Consider France in the Tenth Century. The King was elected by the Nobles and had very little power outside of Paris. Then one of them began having the phrase announced, "King by grace of God". After thirty or forty years of this, no one could remember how it was before. The idea took hold that the King was appointed by God and not by the Nobles. The power of the Kings grew and grew.

This notion spread throughout Europe and lasted until the Eighteenth Century without serious opposition. But by 1776 a contrary notion had become a self- evident truth: "Governments are instituted among Men, deriving their just powers from the consent of the governed".

How this reversal of political philosophy took place is stirringly told in Morris Kline's "Mathematics in Western Culture". In short, Isaac Newton's four Laws of Mechanics and Gravitation of 1687 led to remarkable successes in understanding the natural world. So in every field of endevour, scholars tried to propound similar laws from which would be derived the essence of the subject.
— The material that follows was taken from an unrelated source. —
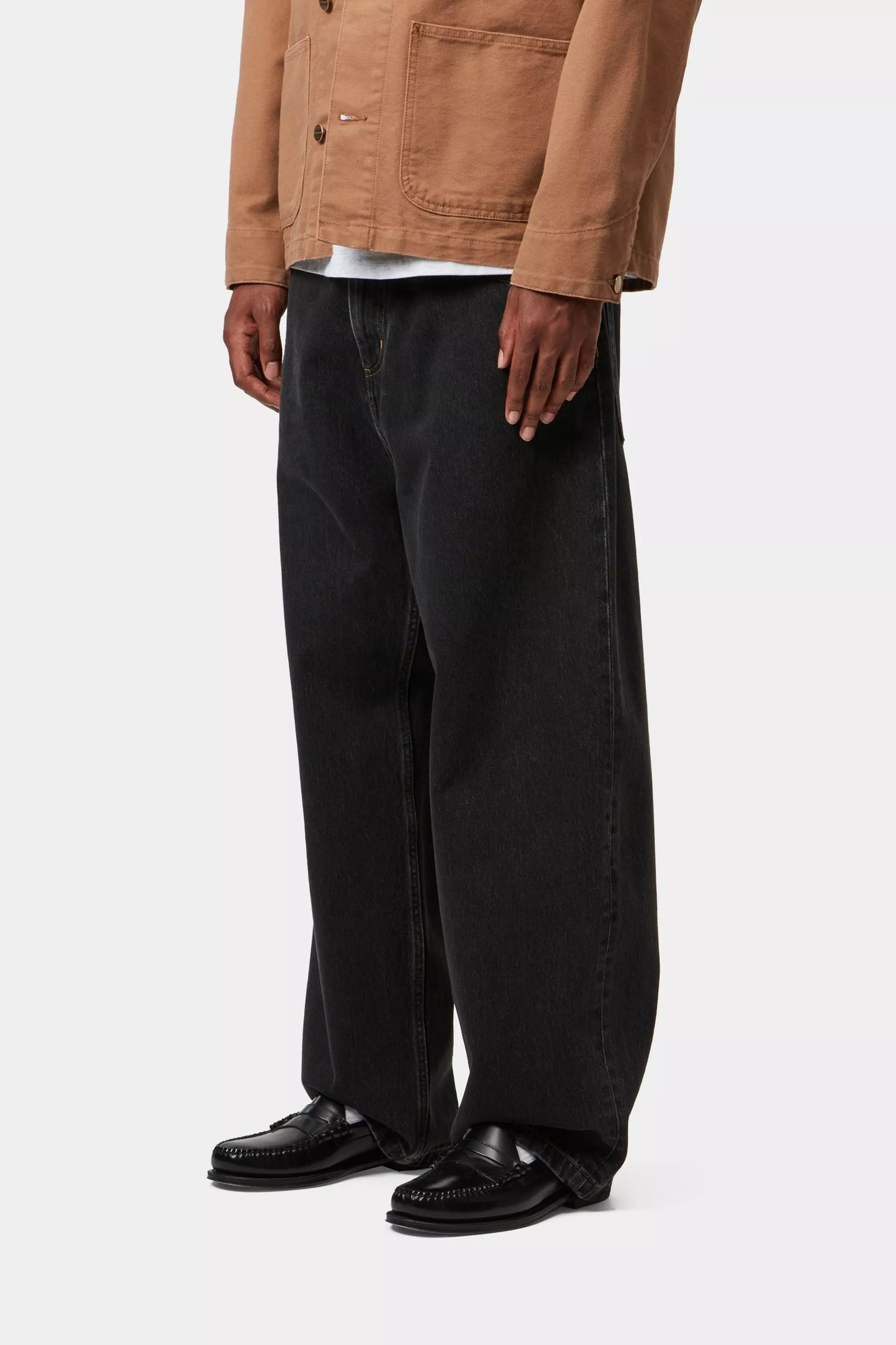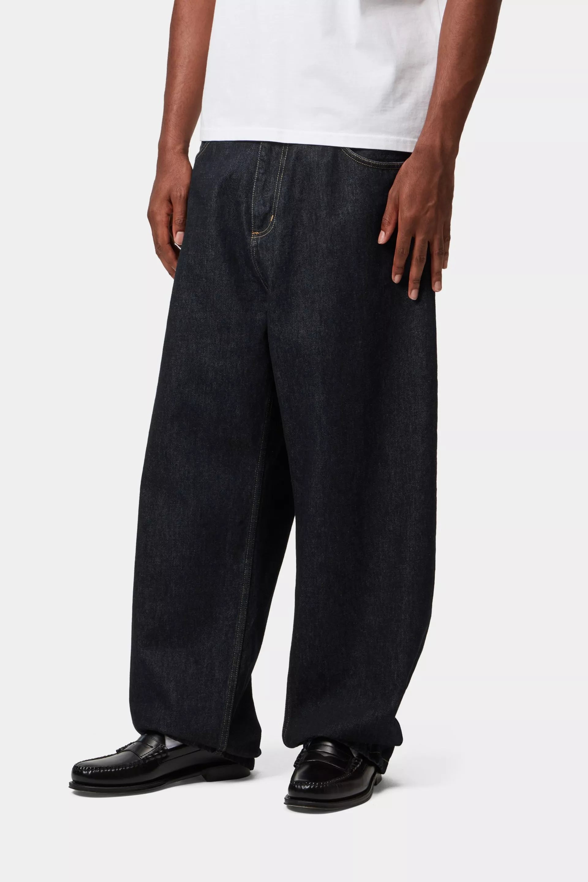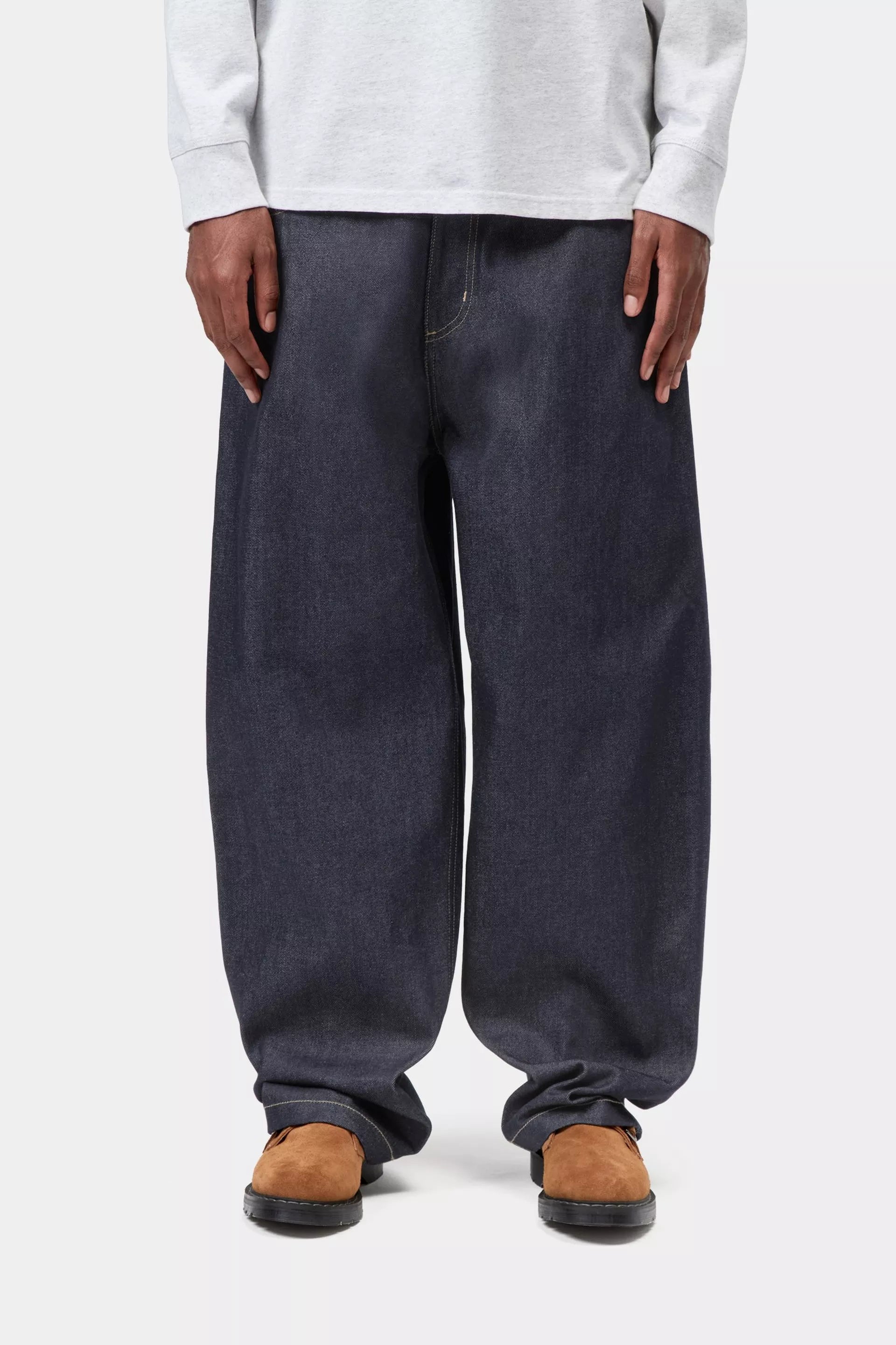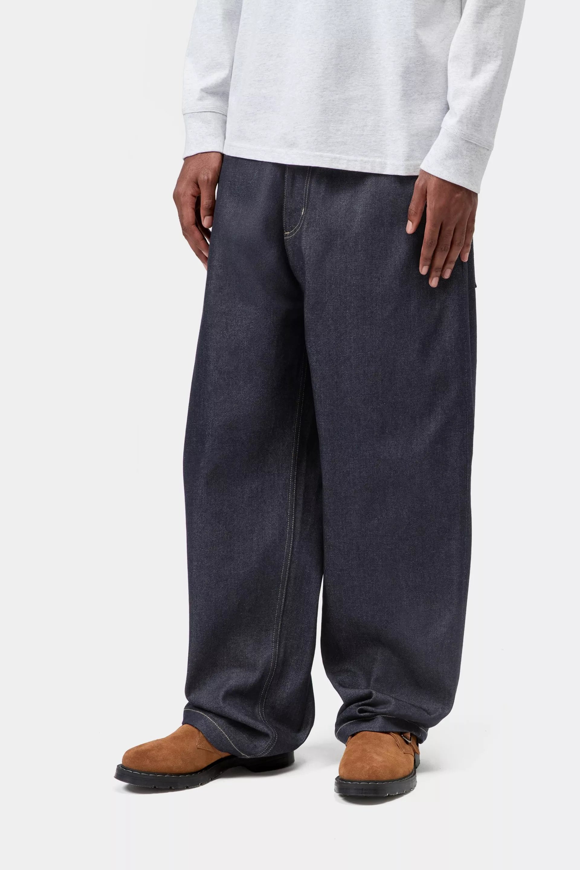 重厚なコットン生地であるSmithデニムから作られた、ロークロッチのルーズストレートフィットです。

In the case of Political Science, the Axiom was that "All Men are Created Equal and are endowed by their Creator with certain inalienable Rights".

Nowadays we see that the legal profession believes that justice is served by advocates who try their best for their clients, even if it means arguing that one plus one is NOT equal to two. This is reaffirmed daily in the public discussion occasioned by the miscarriage of Justice in the O.J. Simpson trial.

Thirty or Forty years ago society regarded Lawyers as officers of the court. They could explain the Law to clients and represent them in justice process. Thus it was against the Law for Lawyers to advertise and seek out clients. And it was against the Law for a Lawyer to have a financial stake in the outcome of a legal suit. And it was unethical to introduce witnesses who the Lawyer knew was lying.

Now in addition to being officers of the Justice system, Lawyers are a profession and are teaching themselves that justice depends upon other maxims then honesty and the search for truth and justice. Those maxims are that the lawyer should above all sublimate his private opinions to advance the cause of his client. How can you have integrity when you argue in public that 1 + 1 is NOT 2 because somebody paid you to?

The legal profession has increased its monopoly on the justice system while abandoning those principles which made the system work. Thus from the Sixtys onward, we started to have contingency fees, and lawyers won the right to search out business instead of having to wait until they were asked to help, and the concept that the lawyer must give his all for the client (instead of trying to merely represent his clients in the process of justice) began to be preached from all the pulpits.

To see these thing are wrong, just apply them to prosecutors.

Should Prosecutors have a financial stake in the outcome of a trial? Should Prosecutors go out and accuse people of crimes without a complaint? Should Prosecutors try to convict somebody they suspect is innocent because somebody paid them to?

Let us try a thought experiment. What would Thomas Jefferson or Abraham Lincoln say about the proposition that a Lawyer should advance his client's cause independent of reason? That he should try to choose juries unequipped to understand evidence and then try to confuse them, all to benefit the cause of the person who pays them? I think they would say, these people should not be officers of the court. If we need people like these, at least separate them from the court the way the barristers in England block the lawyers from becoming officers in the court.